### What you are asked to do
Using the data below, return word for word every line from the one holding "2. Or by scan" down to the one holding "AK Dettelbach, Kirche, Denkmal, Strassenpartie". Leave pictures out.

### Exercise material
===

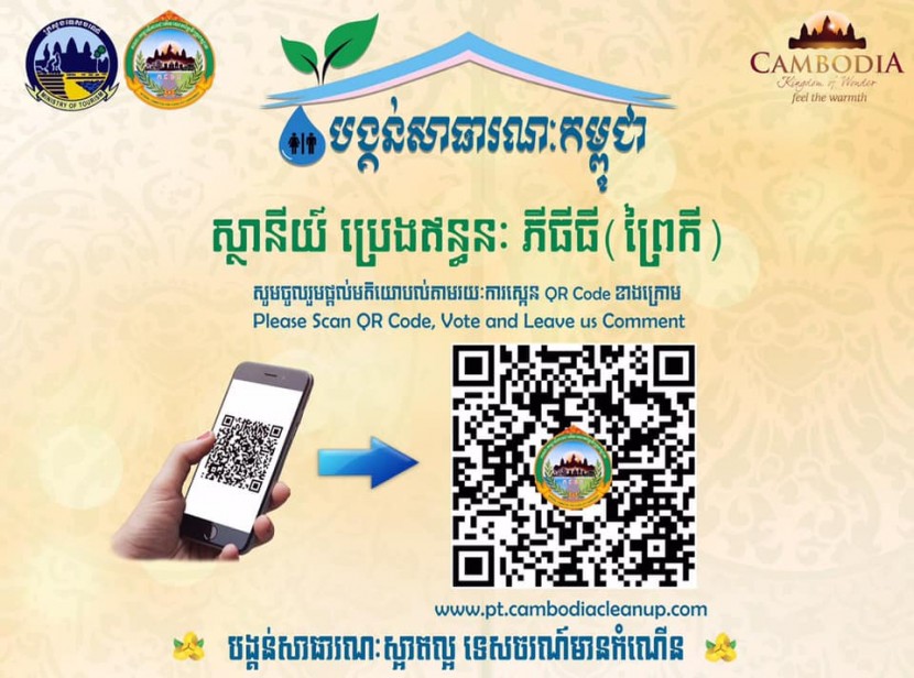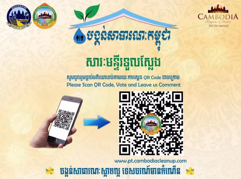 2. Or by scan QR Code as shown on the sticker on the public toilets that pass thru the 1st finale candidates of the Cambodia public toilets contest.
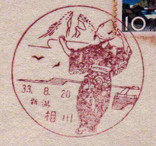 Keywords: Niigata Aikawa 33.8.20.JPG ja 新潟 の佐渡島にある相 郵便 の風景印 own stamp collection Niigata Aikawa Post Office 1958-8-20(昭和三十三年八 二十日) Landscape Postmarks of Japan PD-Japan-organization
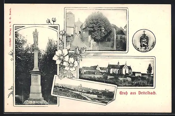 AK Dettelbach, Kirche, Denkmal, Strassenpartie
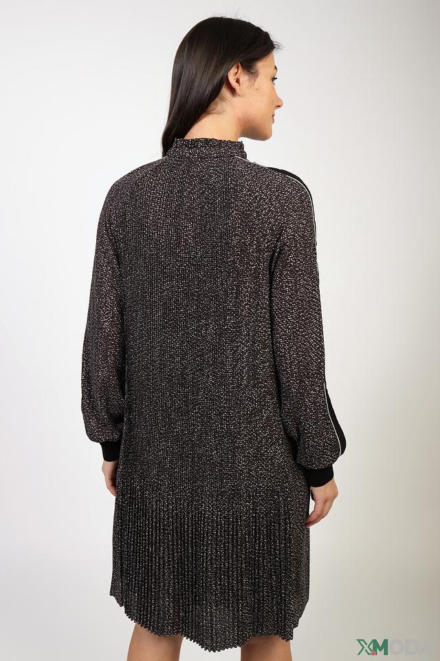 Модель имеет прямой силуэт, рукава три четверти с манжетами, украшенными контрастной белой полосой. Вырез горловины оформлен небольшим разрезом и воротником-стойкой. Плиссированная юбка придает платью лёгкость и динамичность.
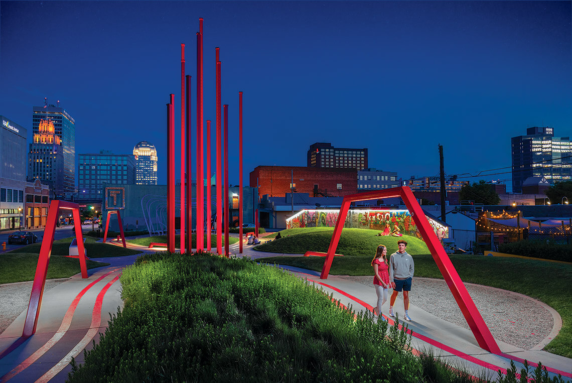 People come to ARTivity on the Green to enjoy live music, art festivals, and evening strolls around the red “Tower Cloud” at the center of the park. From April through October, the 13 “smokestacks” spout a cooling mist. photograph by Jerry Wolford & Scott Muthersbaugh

===

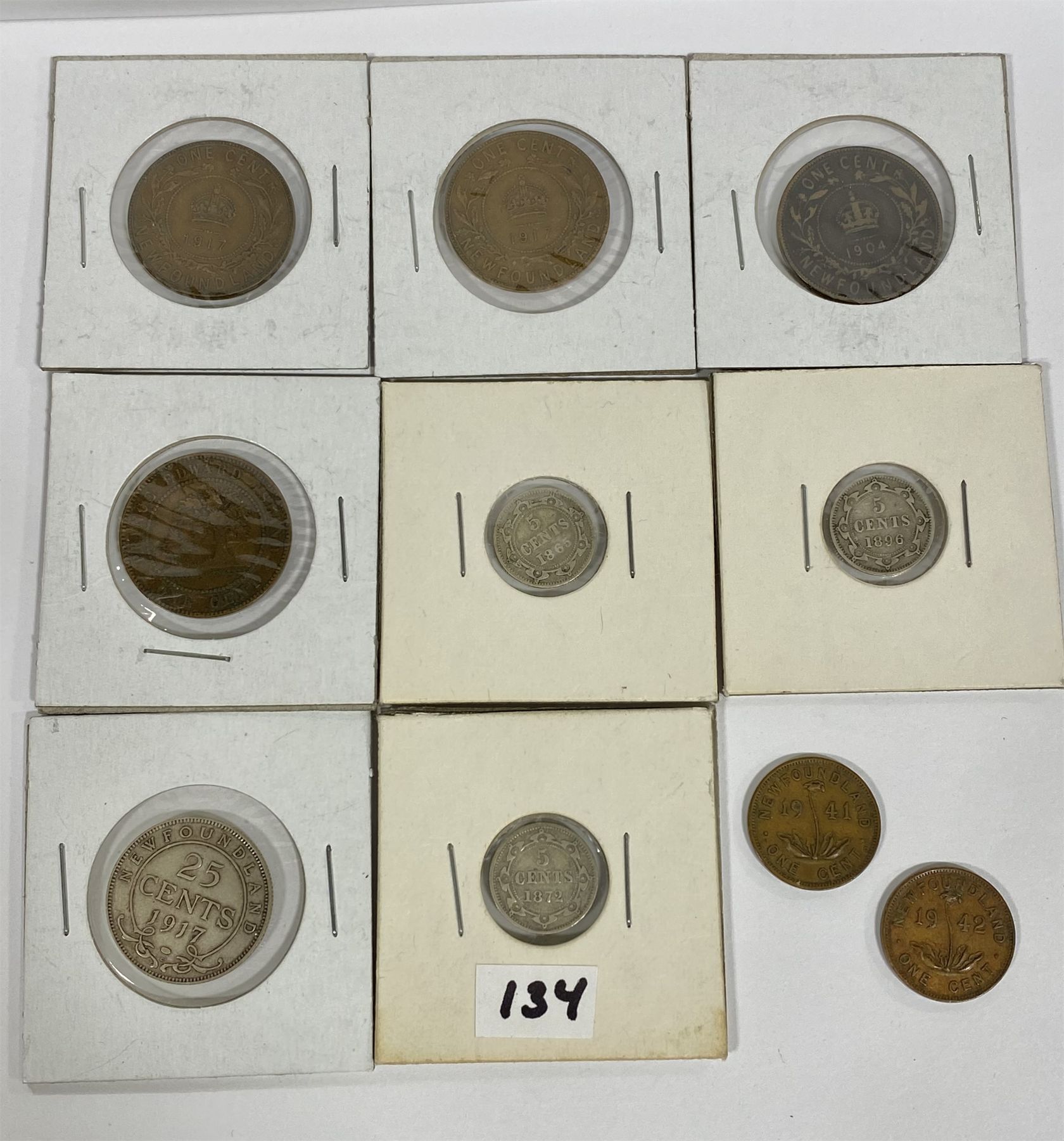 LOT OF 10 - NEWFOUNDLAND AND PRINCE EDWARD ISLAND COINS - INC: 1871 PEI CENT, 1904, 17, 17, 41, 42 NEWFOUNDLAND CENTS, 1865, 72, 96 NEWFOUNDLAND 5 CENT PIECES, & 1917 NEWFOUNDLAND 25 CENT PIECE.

===

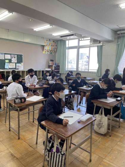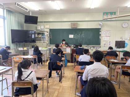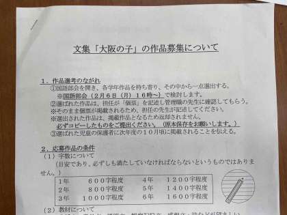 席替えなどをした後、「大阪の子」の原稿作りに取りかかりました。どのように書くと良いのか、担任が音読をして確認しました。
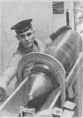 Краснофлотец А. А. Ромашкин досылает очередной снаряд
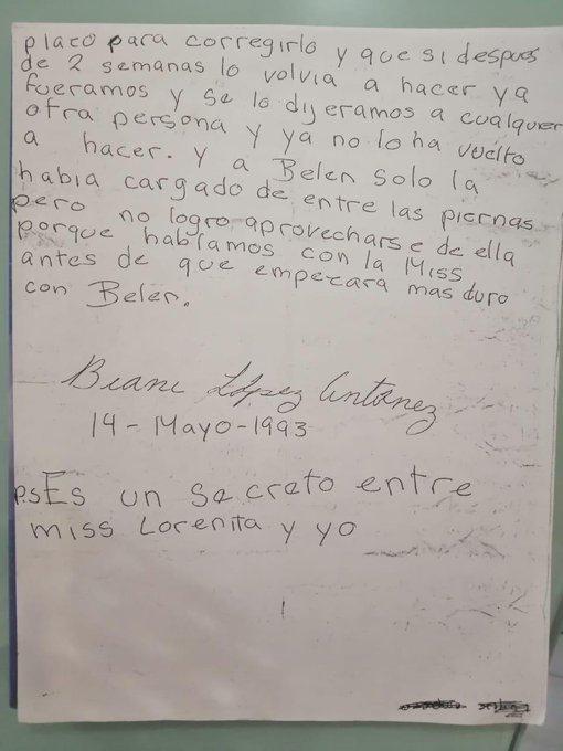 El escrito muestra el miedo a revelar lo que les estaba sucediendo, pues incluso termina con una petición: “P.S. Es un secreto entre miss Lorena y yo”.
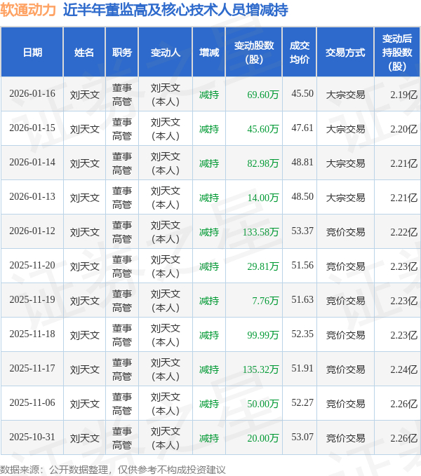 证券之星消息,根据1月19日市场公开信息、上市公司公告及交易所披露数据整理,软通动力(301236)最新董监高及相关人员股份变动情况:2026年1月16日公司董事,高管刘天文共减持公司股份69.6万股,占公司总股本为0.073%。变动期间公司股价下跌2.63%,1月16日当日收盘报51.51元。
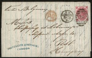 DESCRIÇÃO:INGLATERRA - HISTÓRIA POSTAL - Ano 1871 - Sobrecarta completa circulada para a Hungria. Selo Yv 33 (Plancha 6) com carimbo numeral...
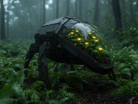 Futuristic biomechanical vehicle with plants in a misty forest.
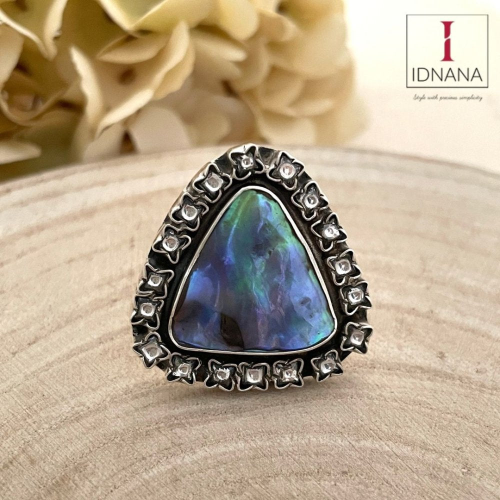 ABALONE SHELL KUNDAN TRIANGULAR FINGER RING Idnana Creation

===

### The completed task
 2. Or by scan QR Code as shown on the sticker on the public toilets that pass thru the 1st finale candidates of the Cambodia public toilets contest.
 Keywords: Niigata Aikawa 33.8.20.JPG ja 新潟 の佐渡島にある相 郵便 の風景印 own stamp collection Niigata Aikawa Post Office 1958-8-20(昭和三十三年八 二十日) Landscape Postmarks of Japan PD-Japan-organization
 AK Dettelbach, Kirche, Denkmal, Strassenpartie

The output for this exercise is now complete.